With this module, users can take advantage of the latest features and improvements offered by EKS 1.27 while maintaining the ease and convenience of automated deployment. The module provides a streamlined solution for setting up EKS clusters, reducing the manual effort required for setup and configuration.
module "eks" {
source = "squareops/eks/aws"
name = "skaf"
vpc_id = "vpc-xyz425342176"
subnet_ids = [module.vpc.private_subnets[0]]
min_size = 2
max_size = 5
desired_size = 2
ebs_volume_size = 50
capacity_type = "ON_DEMAND"
instance_types = ["t3a.large", "t2.large", "t2.xlarge", "t3.large", "m5.large"]
environment = "prod"
kms_key_arn = "arn:aws:kms:us-east-2:222222222222:key/kms_key_arn"
cluster_version = "1.27"
cluster_log_types = ["api", "audit", "authenticator", "controllerManager", "scheduler"]
private_subnet_ids = ["subnet-abc123" , "subnet-xyz12324"]

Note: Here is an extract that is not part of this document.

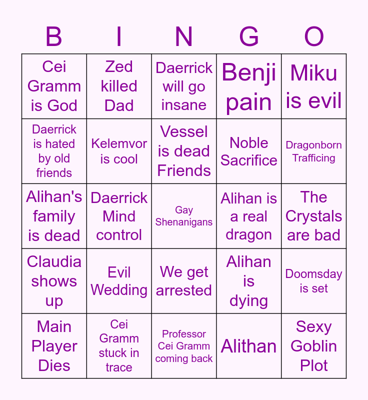 This bingo card has a free space and 24 words: Main Player Dies, Evil Wedding, Vessel is dead Friends, Alithan, Miku is evil, Cei Gramm is God, Zed killed Dad, Daerrick will go insane, Alihan is a real dragon, The Crystals are bad, Alihan's family is dead, Kelemvor is cool, Alihan is dying, Doomsday is set, Daerrick is hated by old friends, Cei Gramm stuck in trace, Professor Cei Gramm coming back, Benji pain, Dragonborn Trafficing, Claudia shows up, Daerrick Mind control, We get arrested, Noble Sacrifice and Sexy Goblin Plot.

cluster_log_retention_in_days = 30
cluster_endpoint_public_access = true
cluster_endpoint_public_access_cidrs = ["0.0.0.0/0"]
create_aws_auth_configmap = true
default_addon_enabled = true
eks_nodes_keypair_name = module.key_pair_eks.key_pair_name
aws_auth_roles = [
{
rolearn = "arn:aws:iam::222222222222:role/service-role"
username = "username"
groups = ["system:masters"]
}
]
aws_auth_users = [
{
userarn = "arn:aws:iam::222222222222:user/aws-user"
username = "aws-user"
groups = ["system:masters"]
},
]
additional_rules = {
ingress_port_mgmt_tcp = {
description = "mgmt vpc cidr"
protocol = "tcp"
from_port = 443
to_port = 443
type = "ingress"
cidr_blocks = ["10.10.0.0/16"]
}
}
}
module "managed_node_group_production" {
source = "squareops/eks/aws//modules/managed-nodegroup"
depends_on = [module.eks]
name = "Infra"
min_size = 1
max_size = 3
desired_size = 1
subnet_ids = ["subnet-abc123"]
environment = "prod"
kms_key_arn = "arn:aws:kms:us-east-2:222222222222:key/kms_key_arn"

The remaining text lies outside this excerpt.